Since I've finally, after many years, managed to assume a retired status, I have some time available, and have the hardware with which to do much of the "heavy lifting" in the sense of building the necessary hardware to perform rigorous testing over long time and many repetitions. Keep in mind, though, that this will wander into several sensitive areas, including the application of "reset circuitry", power supply bypass, and raw power supply, about which many people have expressed opinion. Oscillator startup is probably also a factor.


There's no question that this line of reasoning would lead you to the conclusion you reached. However, in my own rather cursory testing, over long periods and with a few different MCU's, I found that my BBRAM was clobbered despite the assertion of RESET during Vcc decay, as there was a supervisor in the circuit. Now, this doesn't prove anything about your particular experience, but it does give me pause, as I observed activity on ALE, nRD, nPS, and nWR during the interval when RESET was active. This was, in my case, complicated by the fact that the supervisor, the BBRAM, and the MCU all had different ideas about where a "brownout" began and ended. I'm persuaded that if they all agreed, the problem might have been averted, but that's just a guess.

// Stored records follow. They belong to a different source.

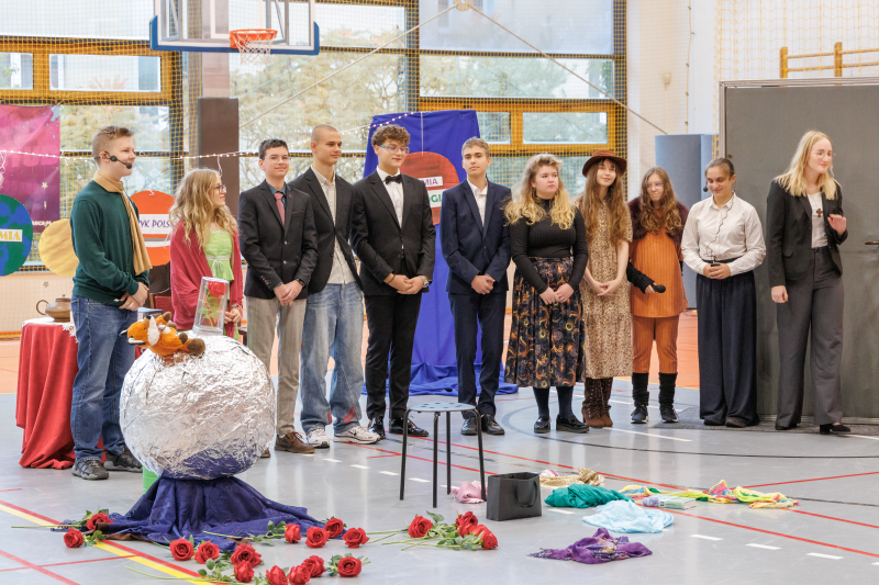 W części artystycznej rozpoczęliśmy wraz z literackim Małym Księciem wędrówkę po planetach wszechświata w celu poszukiwaniu sensu życia. Spotkani tu i ówdzie nauczyciele utwierdzili bohatera, że na pewno nie zostanie jednym z nich, bo to niezwykle skomplikowany zawód. Ale dzięki Róży i Lisowi zrozumiał też, że najważniejsze jest to, co niewidoczne dla oczu, czyli wachlarz najpiękniejszych uczuć jakimi należy kierować się w życiu.
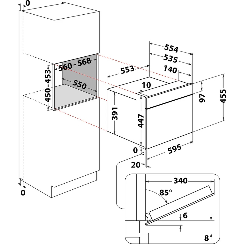 - Nischenmaße (HxBxT): 450x556x550 mm
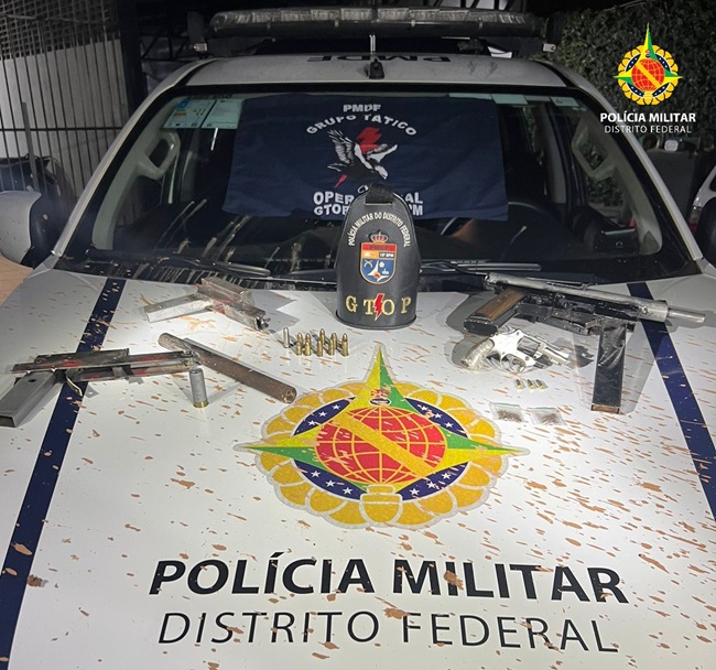 Policiais militares do Grupo Tático Operacional do 15º Batalhão (Gtop 35) apreenderam quatro armas de fogo e munições na rua 44 do bairro Santa Luzia, na Cidade Estrutural. O fato ocorreu por volta das 19h30 desta quinta-feira (22).
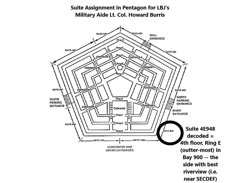 As an illustration of what Col. Burris described in the second paragraph of his memo — and the importance which the Pentagon gave to its liaison to the Vice President — the diagram below shows the location of his office, next door to Secretary McNamara’s office. There can be no doubt how high the colonel was placed — arguably, even figuratively higher than the SECDEF himself — given the value having true raw intelligence delivered to LBJ, not the sugar-coated variety being fed to the Secretary and the President, as will be demonstrated below.
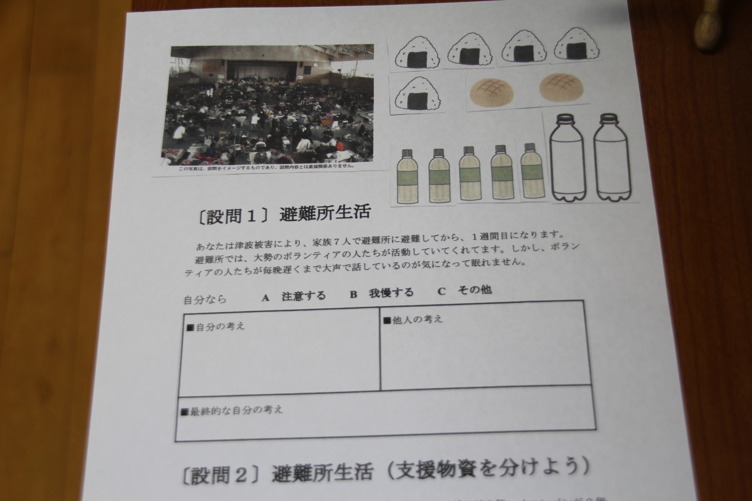 小白井地区は、海から遠いため津波そのものの被害はイメージしにくいため、今回は避難所の生活に関する内容を学習しました。今年度、台風による避難報道も多くあったため、「この地区の避難所である小白井集会所に50人が避難してきたと考えてください」という古山先生の投げかけは、とてもイメージがしやすかったようです。
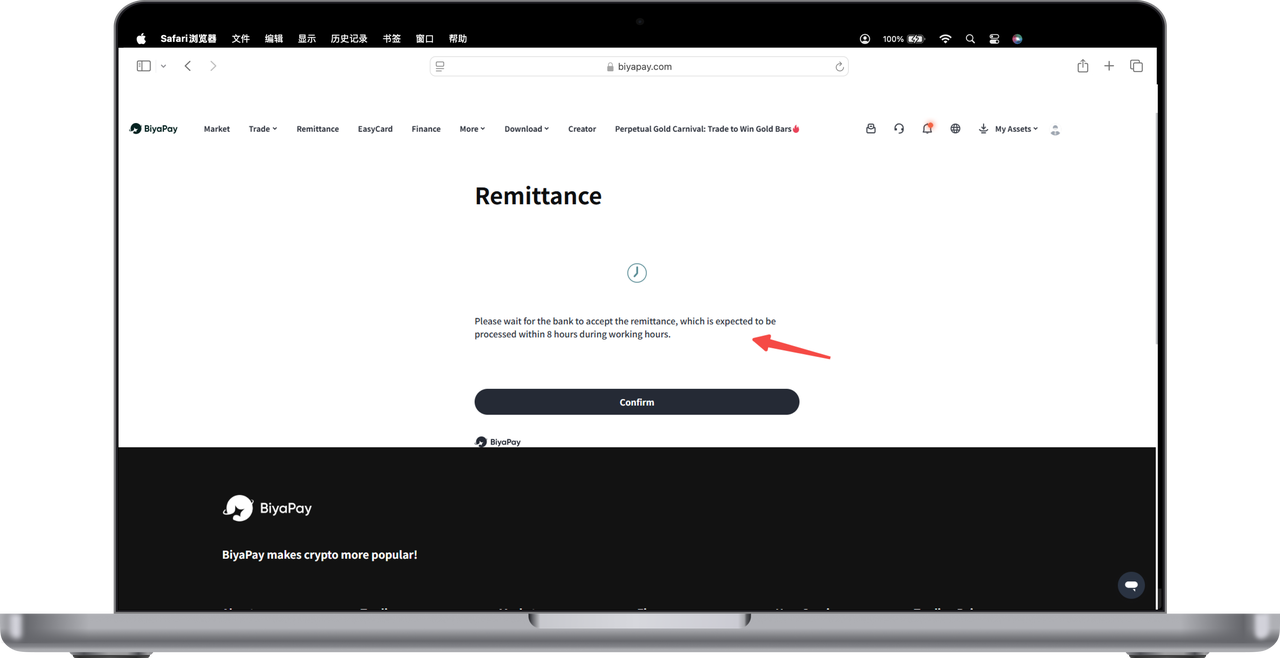 After you submit the remittance, please wait for the bank to accept it. After 9 am Singapore working time, it is expected to accept the remittance within 8 hours
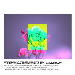 「変革」ではなく「進化を」求めるクラシック&コンテンポラリーなファッションブランド”RIPVANWINKLE”の25周年を記念し、テレビや様々なメディアへの出演、そしてファッションシーンのプレスとして長年活動し続けている Sayaka Ohno が音楽とファッションを融合した世界観を表現すべく、日本を代表するハウスミュージックプロデューサー/DJ の MASANORI MORITA (STUDIO APARTMENT)をはじめ、彼女が評価と期待を寄せる DJ 陣を迎え、音と映像によるコラボレートパーティーをオーガナイズ。
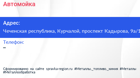 Автомойка по адресу Чеченская республика, Курчалой, проспект Кадырова, 9а/1 в дальнейшем Организация, размещена в следующих категориях:
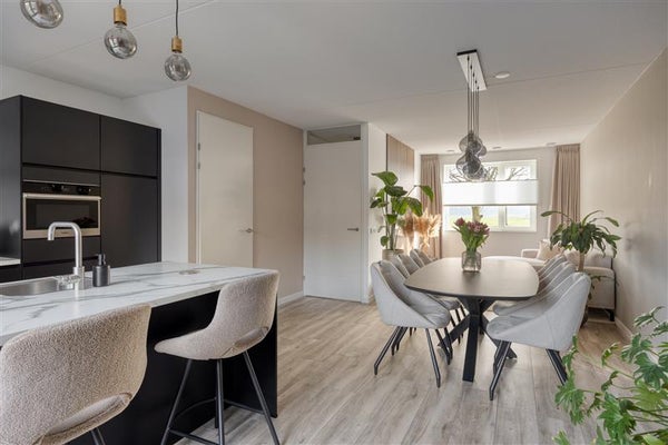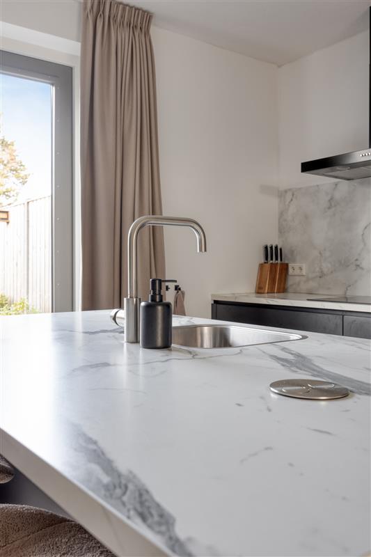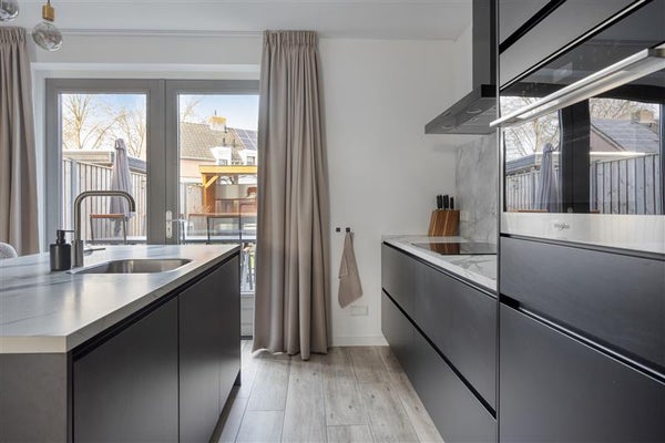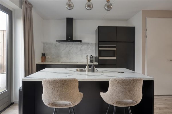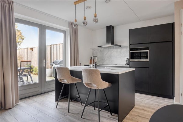 De moderne keuken is een absolute eyecatcher en dé plek waar functionaliteit en design samenkomen. Met een handige wandopstelling heb je genoeg opberg- en werkruimte, terwijl het centrale spoeleiland met barretje ideaal is voor kopjes koffie in de ochtend of gezellige borrels met vrienden. Koken is hier niet alleen een noodzaak, maar een echte beleving.
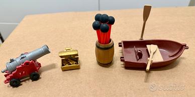 Galeone dei Pirati PLAYMOBIL È un veliero giocattolo galleggiante. Include sei personaggi pirata ognuno com propria spada. Come accessori: due cannoni funzionanti in grado di sparare proiettili (uno con carrello ed uno in prua), 6 proiettili, un bidone grande e tre piccoli, un barchino con due remi, una scimmietta, ancora con filo funzionante, uno scrigno, tre bandiere. Ottime condizioni. Lunghe massima 65 cm. Altezza massima 51 cm. 35€.
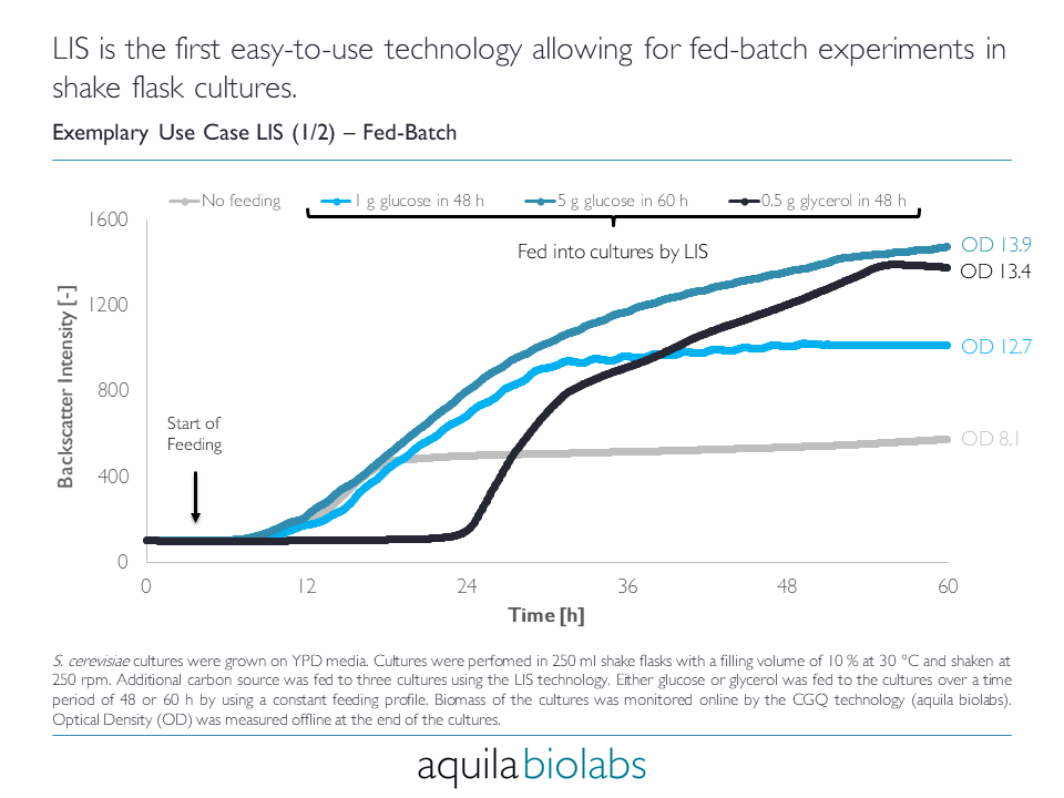Новые девайсы Aquila Biolabs (Infors) дают уникальную возможность осуществлять контролируемое культивирование микроорганизмов в качалочных колбах в шейкере-инкубаторе неинвазивным способом, без прерывания процесса, отбора проб, внесения добавок вручную. Представляем системы LIS и CGQ, которые позволяют автоматически подавать индукторы и растворы питательных веществ, корректировать рН и осуществлять онлайн мониторинг биомассы в качалочных колбах.
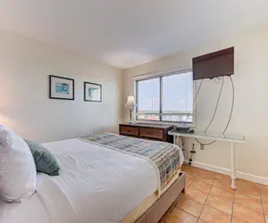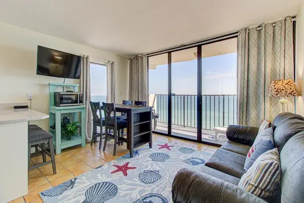 Perched on the 9th floor with sweeping ocean views, this comfortable and stylish oceanfront condo offers a perfect getaway for up to six guests. The master bedroom features a luxurious king‑size bed, designed for peaceful nights as the waves provide your natural soundtrack. Just off the hallway is a built‑in bunk‑bed alcove—ideal for children or extra guests who want a cozy, separate sleep space. The living room includes a sleeper sofa, providing two additional sleeping spots without compromising on comfort or lounging space.
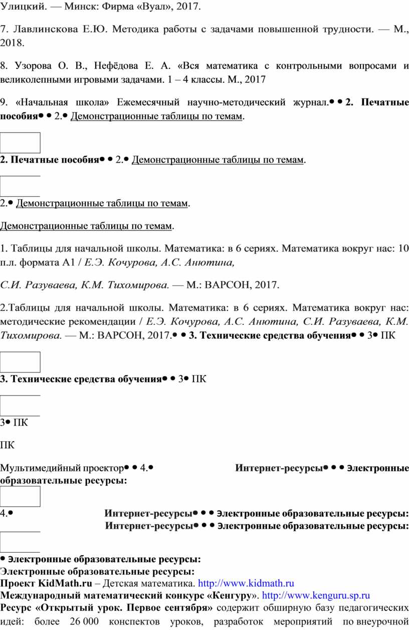 Демонстрационные таблицы по темам. 1. Таблицы для начальной школы. Математика: в 6 сериях. Математика вокруг нас: 10 п.л. формата А1 / Е.Э. Кочурова, А.С. Анютина, С.И. Разуваева, К.М. Тихомирова. — М.: ВАРСОН, 2017. 2.Таблицы для начальной школы. Математика: в 6 сериях. Математика вокруг нас: методические рекомендации / Е.Э. Кочурова, А.С. Анютина, С.И. Разуваева, К.М. Тихомирова. — М.: ВАРСОН, 2017. |
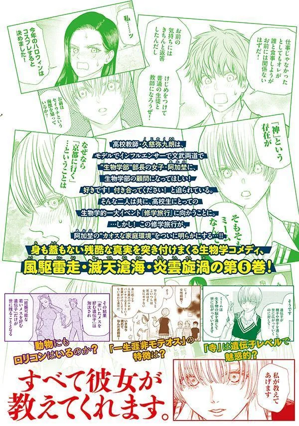 Учителя Кудзи Якуро бросает девушка, потому что он «недостаточно мужественный». Разве мир не должен быть гендерно-нейтральным...!? Пока он мучается из-за этого, перед ним появляется Акано, модель, инфлюенсер, одаренная в учебе и спорте, президент «Биологического клуба», и просит его стать советником клуба.
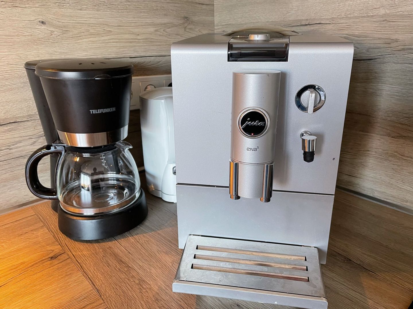 angrenzende komplette Küchenzeile mit Spülmaschine, Nespresso De'Longhi Essenza Mini EN 85.R-Kapselmaschine etc.sowie Essbereich

Well, I'm not sure that the problem's as severe as you suggest, but I do agree that it is potentially cost-sensitive. However, in this particular discussion, it's not about designing a cost effective solution. It's about finding out what the nature of the underlying problem actually is. What I'd point out is that the manufacturers may or may not have done this sort of thing already, but putting the information in front of potential users probably doesn't help them. It's much easier for them to suggest using one or another supervisor, particularly if it's one of theirs.

It may take some time for me to gather up the resources with which to perform thorough automated testing and documentation of the result, particularly as my wife will be coming around to make me go outside and work in the garden. I do however have the resources with which to perform automatic testing over a lengthy period and with which to record the result. I'd find that interesting, if only to show that the various manufacturers have been unkind in not doing this or at least releasing the results.

RE